Peppers of assorted colours with spices that we put over a plate of pasta. The simplest ingredients give us an elegant dish.
work: 00h:30' time: 00h:45' easy: 2/5
Pasta peperonata A dish from the cuisine of Naples (Italy), that was highlighted through the hands of Jamie Oliver, making it known to the world.
The Neapolitan cuisine has ancient historical roots dating back to the Greek - Roman times, and has been enriched over the centuries with the influx of different cultures.
A cuisine where the primary ingredients were the produce of the gardens and fields, that the farmers where nurturing.

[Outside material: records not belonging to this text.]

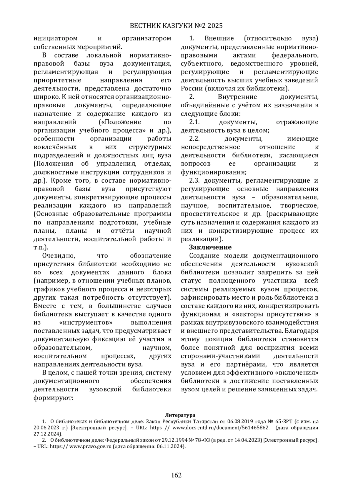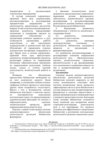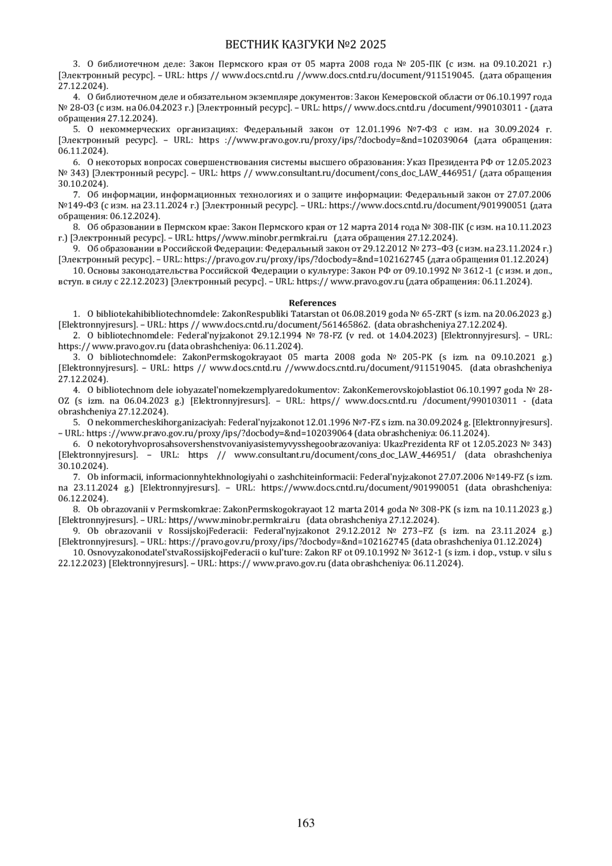 1. О библиотеках и библиотечном деле: Закон Республики Татарстан от 06.08.2019 года № 65-ЗРТ (с изм. на 20.06.2023 г.) [Электронный ресурс]. - URL: https //www.docs.cntd.ru/document/561465862. (дата обращения 27.12.2024).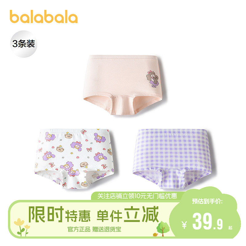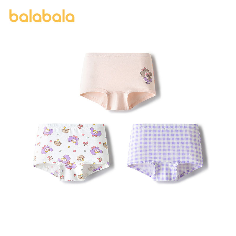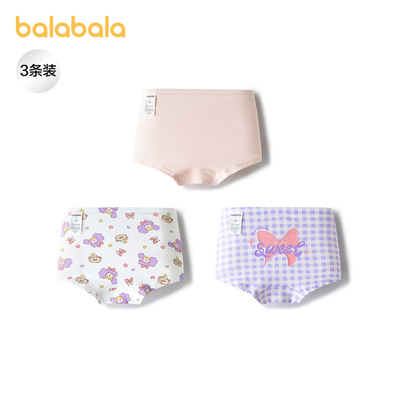 【balaOne】巴拉巴拉宝宝内裤平角纯棉裆儿童四角短裤女童三条装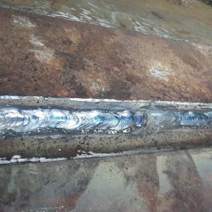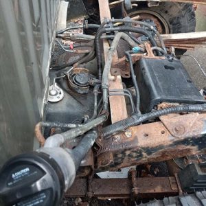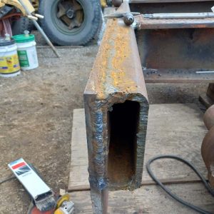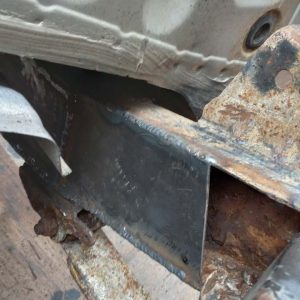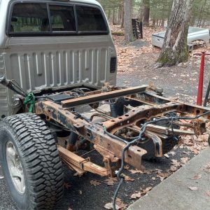 TRUCK CHASSIS WELD I had to take the bed and muffler off the truck to get to the rusted area of the frame. I also removed the rotten crossmember which held the gas tank up, the muffler, gas lines and filters. After cutting all the rust out I welded 3 plates on the frame to strengthen the frame and pass inspection.

Combined with hearty pasta they satiated the land workers and their families.
Variations on the same theme include adding other vegetables such as eggplant, carrots, etc.
Due to these influences over the centuries Neapolitan cuisine retains a remarkable repertoire of dishes, ingredients and preparations revealing a unique cultural identity.

Ingredients (4 servings)

  • 60ml/ 2 fl oz olive oil
  • 9 peppers, assorted colours
  • 3 onions
  • 5 cloves garlic
  • 1 tbsp oregano
  • 250 gr/ 9 oz cherry tomatoes
  • 1 tbsp balsamico cream
  • salt & pepper
  • 500 gr/ 17 oz rigatoni, penne or spaghetti


Peel and chop the onion slices and garlic into small slices. Pour the olive oil in the pan, wait till it gets hot and sauté until the onion slices get a light golden brown colour and become transparent.
When sautee remove them with a slotted spoon to a bowl and put aside for later.
Cut the peppers into strips and add to pot. Let them cook for a few minutes, 5'-7', stirring occasionally. You should not let them overcook.
Add salt, pepper, oregano and balsamico. Stir to mix the ingredients.
Wash and chop the tomatoes in two. Add the onions, that we left aside, in the pan and cut up the cherry tomatoes. Stir gently and cook for a few more minutes to dry a bit. Remove from heat.
Boil the rigatoni (or any pasta you chose) according to package directions, strain and pour a tablespoon of olive oil. Serve with pepperoni on top and a little grated cheese (optional).